Leptin is an important factor in regulating energy and fat metabolism. Insulin is a key substance in glycolipid metabolism. A number of domestic studies have shown that leptin and insulin have a bidirectional regulation effect. When GDM is unbalanced, hyperleptin and hyperinsulinemia occur. High levels of insulin can not be used in the synthesis of triglycerides (TG). Catabolism plays a normal physiological role, which leads to abnormal elevated levels of TG in the blood of GDM patients. However, this does not reasonably explain GDM pregnant women who have good control of blood sugar after diet and insulin treatment. TG still has a significant change, suggesting that there may be other causes of abnormal lipid metabolism in GDM pregnant women.

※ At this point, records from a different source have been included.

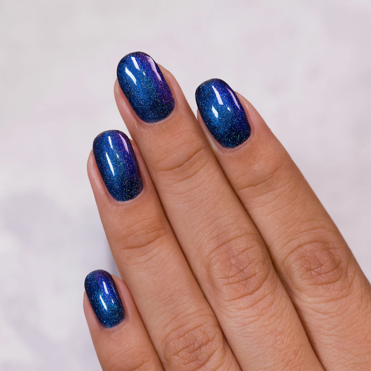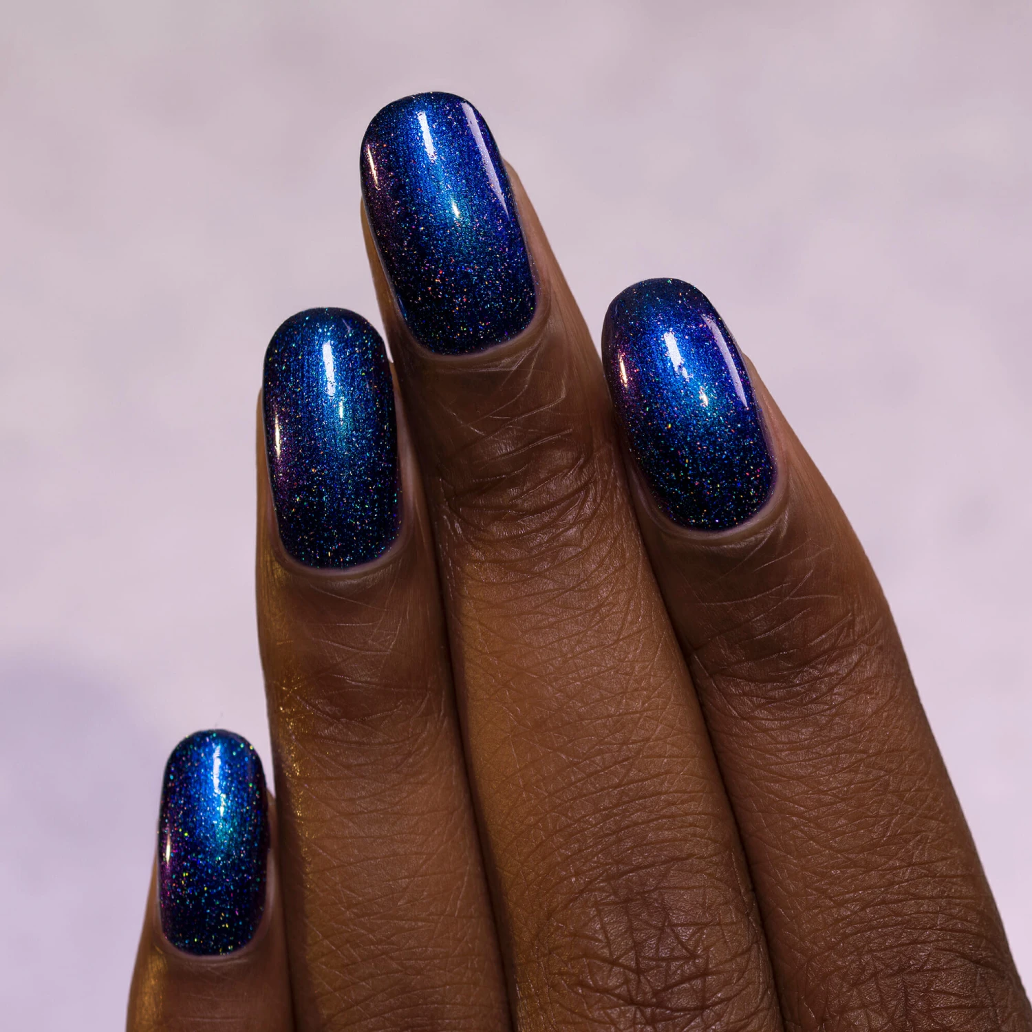 Unfazed features a gorgeous duo-chrome base that flips from blue to purple, even touching hints of red and gold in certain lighting!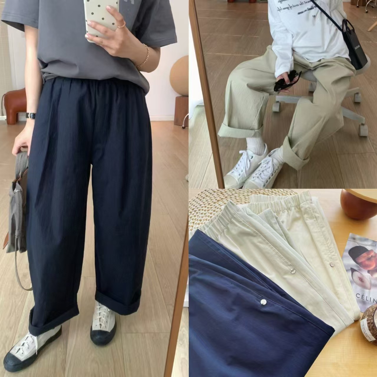 In Dongdaemun, South Korea, egg House's 24th autumn collection features petite, wide-leg, high-waisted, slimming straight-leg Harem casual pants for women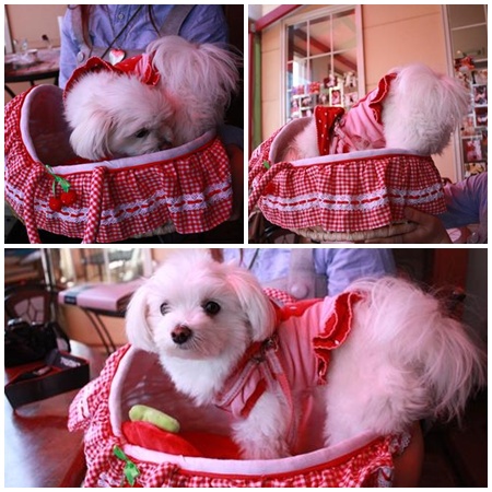 ライちゃん、ラヴちゃんのカゴに入ってご機嫌さん♪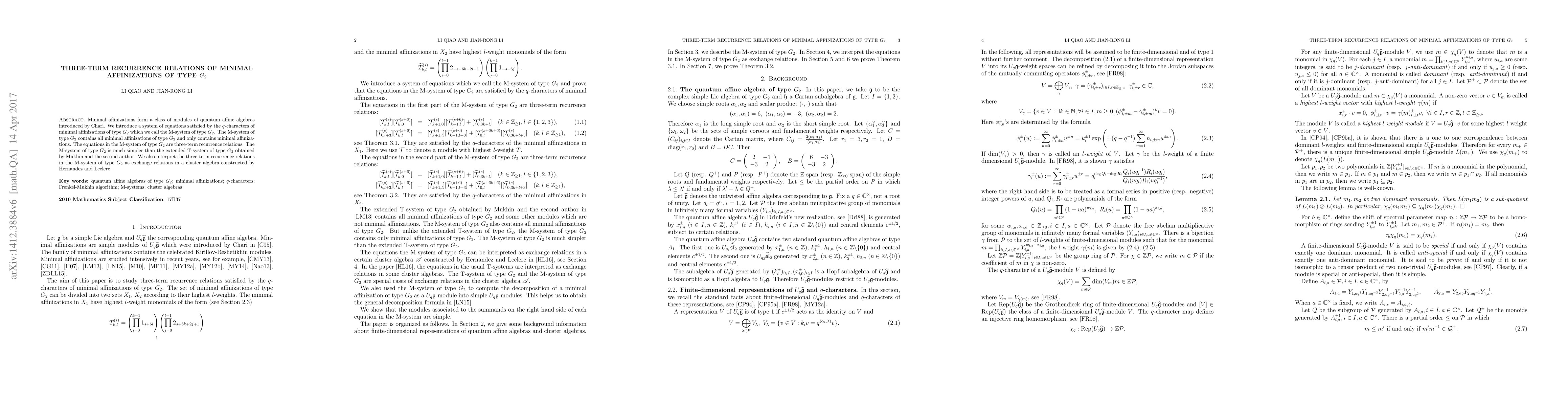 This paper introduces the M-system of type $G_2$, a set of three-term recurrence relations for the $q$-characters of minimal affinizations of quantum affine algebras, which simplifies the extended T-system. It also connects these relations to exchange relations in a cluster algebra.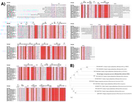 Multiple sequence alignment (A) and phylogenetic tree (B) of RsCgk with other κ-carrageenases deposited in NCBI database. The amino acid sequences of κ-carrageenases derived from Rhodopirellula sallentina (NCBI ID: WP_236621372.1), Rhodopirellula sp. ICT_H3.1 (NCBI ID: WP_250928804.1), Rhodopirellula sp. SWK7 (NCBI ID. WP_009104871.1), Rhodopirellula rubra (NCBI ID: WP_184306584.1), Rhodopirellula maiorica (NCBI ID: WP_008708327.1), Planctomycetes bacterium CA13 (NCBI ID TWT83628.1), Rubripirellula reticaptiva (NCBI ID: WP_146535064.1), Planctomycetaceae bacterium (NCBI ID: MCB9875741.1), Rubripirellula amarantea (NCBI ID: WP_242631975.1), Rubripirellula tenax (NCBI ID: WP_146457934.1), and Planctomycetes bacterium K23_9 (NCBI ID: QDT10653.1) were used for alignment and phylogenetic tree analysis.

Lipoprotein lipase (LPL), liver lipase (HL), a key enzyme for regulating lipid metabolism, catalyzes the hydrolysis of chylous particles (CM), extremely low density lipoprotein (VLDL) and high density lipoprotein (HDL) kernel, respectively. The hydrolysis of glycerol three (TG) in the core of high density lipoprotein (HDL) has been studied. It has been shown that the decrease of LPL, HL content or viability can cause the decrease of lipid clearance, leading to the increase of TG and metabolic disorders. Whether the correlation between leptin and LPL and HL is related to the occurrence and development of lipid metabolism disorder in GDM has not been put forward at home and abroad.
This topic studies the correlation between leptin and LPL, HL and lipid metabolism through cell culture and animal models, as well as whether the high concentration leptin can improve the lipid metabolism disorder by changing the activity of LPL and HL, and preliminarily explores the pathophysiological mechanism of GDM and the possible new treatment methods.